Now fully grown, our young warrior awaits his quest. In early September 1972, as a busy neurology resident, he is called on to care for a patient with progressive dementia. A slender woman of 60, she is rapidly losing her mind and the control of her motor functions. Two months later, she is “a neurological vegetable.” An autopsy confirms the clinical diagnosis: CJD, one of the diseases then thought to be caused by an as-yet unidentified “slow brain virus.”

Yet the more Prusiner reads about what caused his patient’s rapid decline, the less he understands. How could a person with a viral infection lack the signs of an infection, such as a fever or elevated counts of infection-fighting cells? Then he reads a provocative study by Tikvak Alper (one of several women, along with his mother and grandmother, whose influence is pivotal in his life) suggesting that CJD is caused not by a virus but by some kind of “scrapie agent.” The care he gave his patient is replaced by an obsession to discover what caused her disease.

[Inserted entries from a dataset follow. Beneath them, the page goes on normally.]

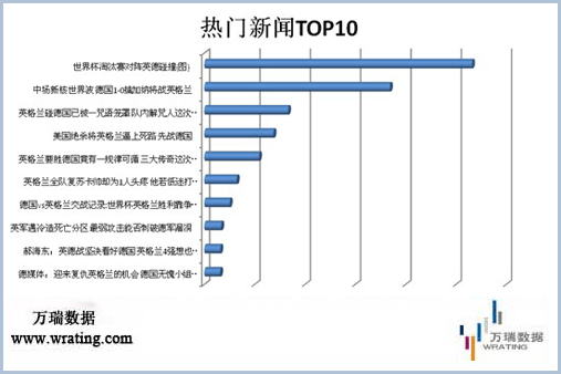 從國內著名第三方數據公司——萬瑞數據全流量監測系統(SiteRatingTM)提供的相關數據來看,不到24小時內,關于“英德大戰”的新聞總點擊率已經超過百萬,可見這場勢均力敵的遭遇戰,不僅激起了雙方的斗志更加點燃了網友觀球的熱情。其網絡關注度一路攀升,遠遠超越了這2個小組的另一對選手。從網友點擊率最高的新聞前TOP10來看,輿論已經為這場即將到來的大賽鋪墊好了略帶肅殺的氛圍,讓人不僅感到既緊張又興奮(如圖)。
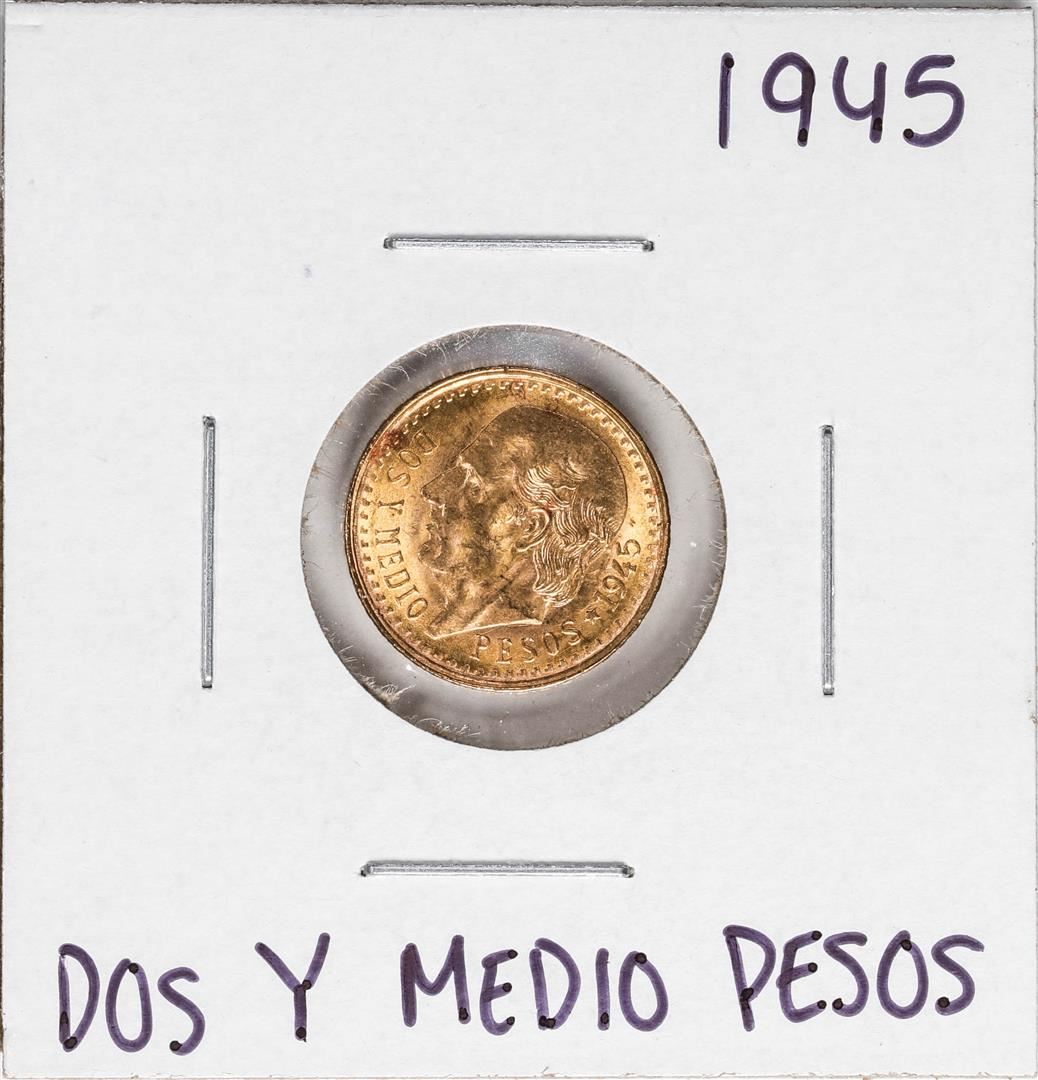 One 1945 Mexico Dos Y Medio Pesos Gold Coin.
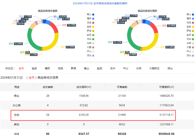 1月31日深圳新房住宅成交58套 二手房住宅成交95套
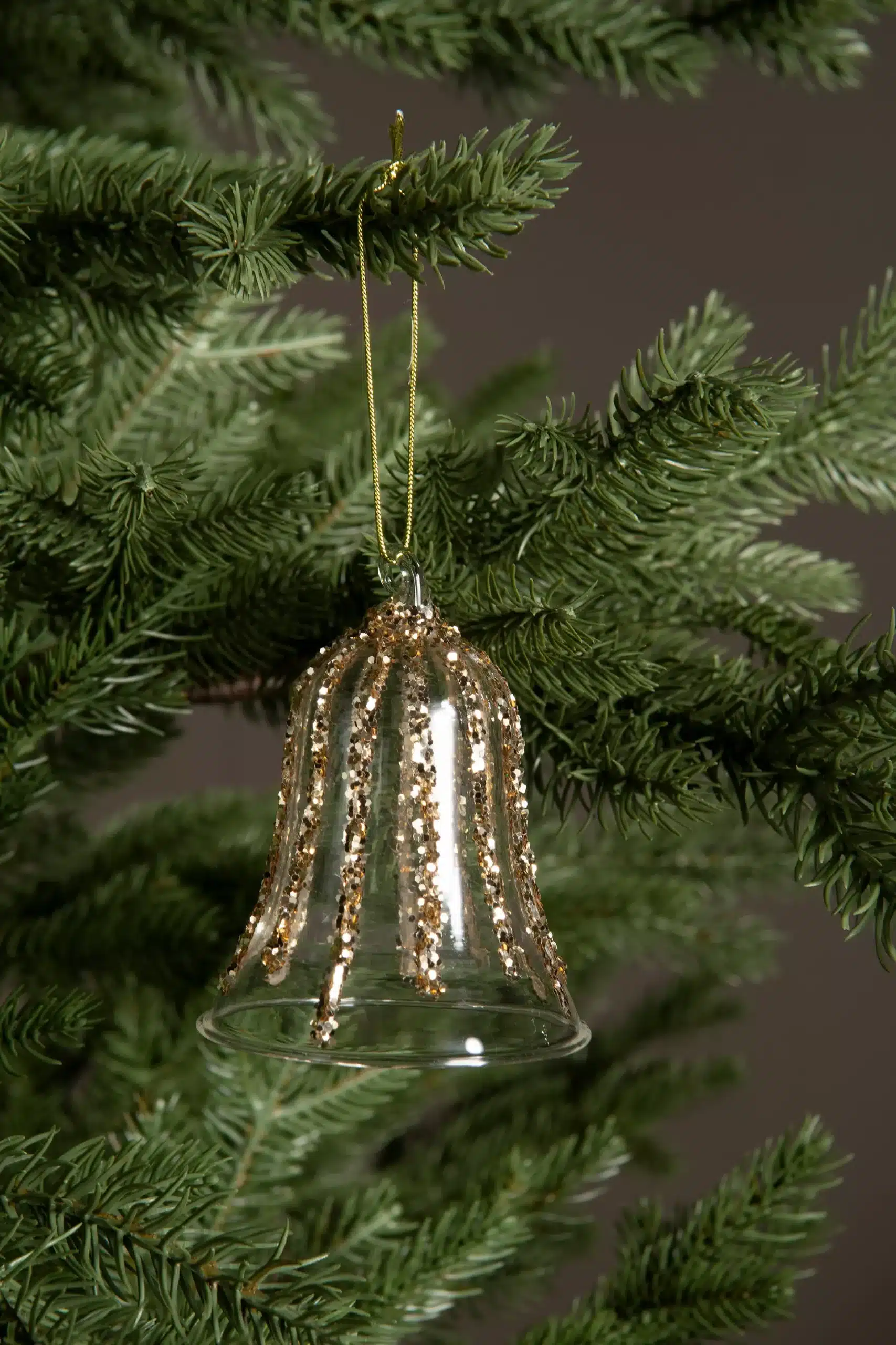 Ge din julgran ett elegant lyft med Glasklocka Belle – en transparent hängdekoration med gnistrande glitterdetaljer. Den klara glaskroppen fångar ljuset på ett mjukt sätt, samtidigt som glittret tillför ett subtilt skimmer. Tillsammans skapar de en dekoration som känns både klassisk och lyxig.
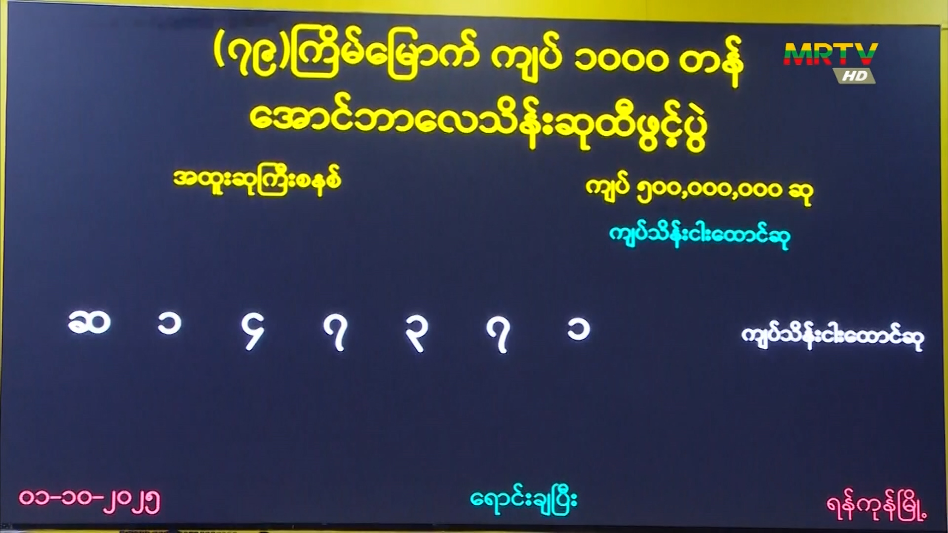 ပြည်တွင်းအခွန်များဦးစီးဌာန၊ အောင်ဘာလေသိန်းဆုဌာနခွဲမှ (၇၉)ကြိမ်မြောက် ကျပ်(၁၀၀၀)တန် ဆုကြီးများနှင့် အခြားဆုမဲများ ထွက်ပေါ် Wednesday, October 01, 2025
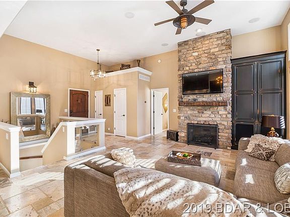 Perfection in Paradise! Luxurious remodel completed on this 4 bed, 2.5 bath Lakefront home on the Lake of the Ozarks. Dream home in the high-end, well tended community of Sienna Oaks is equipped with all the SMART HOME components, vaulted ceilings & 2300 sf of well planned spaces graced by Travertine floors to incredible built in cabinetry. This is a haven for lake dwellers or even the savvy full time resident in a magnificent cove. Enter through the custom wood front door to dramatic large windows & open concept that draws you in on the main level of gathering spaces; a living room, stunning sitting room overlooking the lake, massive gourmet kitchen with a long granite bar for all, master en suite & a guest half bath. Follow the beautiful staircase to the family room, 2 lake side bedrooms, one guest bedroom, laundry room & storage. Concrete dock includes 2 diving boards, 2 ladders, storage & hoist. Please request the Special Features sheet for all the specs of upgrades & details.
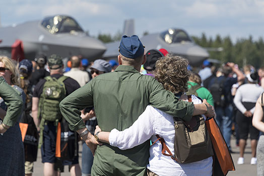 Pori Airshowssa vähennetään yleisöstä johtuvaa ympäristökuormitusta joukkoliikenteen, jäte-huollon ja kotimaisen ruuan myynnin avulla. Kuva: Rich Cooper:

Prusiner’s career-development award from the NIH involved the study of glutamate metabolism. Had he simply focused on this highly fundable work, he could have led a comfortable professional life in a well-funded domain of science. Instead, he managed to secure a small grant to study the scrapie agent.

The reader presumably knows how this quest will end. Prusiner discovered that brain diseases once thought to be caused by a “slow virus” in fact share a common cause: a proteinaceous infectious particle that he named a prion. Acceptance did not come easily, and he chronicles the fierce scientific disputes that accompanied his discovery in fascinating detail. But as his 1997 Nobel Prize in Physiology/Medicine resoundingly confirmed, prions are now widely accepted as among the causes of neurological diseases.

Prusiner’s task in writing about this is to avoid self-promotion and instead to narrate his quest with candor and insights that tell us what we cannot learn from an annotated bibliography of his papers. He succeeds. He certainly shreds the image of scientists as rational beings living dull, unemotional lives. Scientists are as passionate, arrogant, and ambitious as artists, keen to win honors and marquee billing. Though they often wish that, like novelists, they could name their discoveries, they’ll usually settle for money—the more, the better. Luck—“huge doses of it,” says Prusiner—helps. He mentions his “loving partner” and two daughters, but that’s all we hear of them—and nothing about friends or any other life outside the lab. In the life of the scientist, is there life outside of science?

Each year, universities devote considerable resources to training their young scientists in the responsible conduct of research and, to use Prusiner’s term, the “dangerous behaviors to be avoided” such as doing experiments on humans without their permission, faking data, and stealing results or credit from another scientist. What’s usually missing in this training is how to live the life of a scientist, and the challenges of living honestly with oneself. Madness and Memory should be part of the curriculum.


Jason Karlawish is a professor of medicine, medical ethics, and health policy at Penn and the author of Open Wound: The Tragic Obsession of Dr. William Beaumont [“Arts,” Mar|Apr 2012].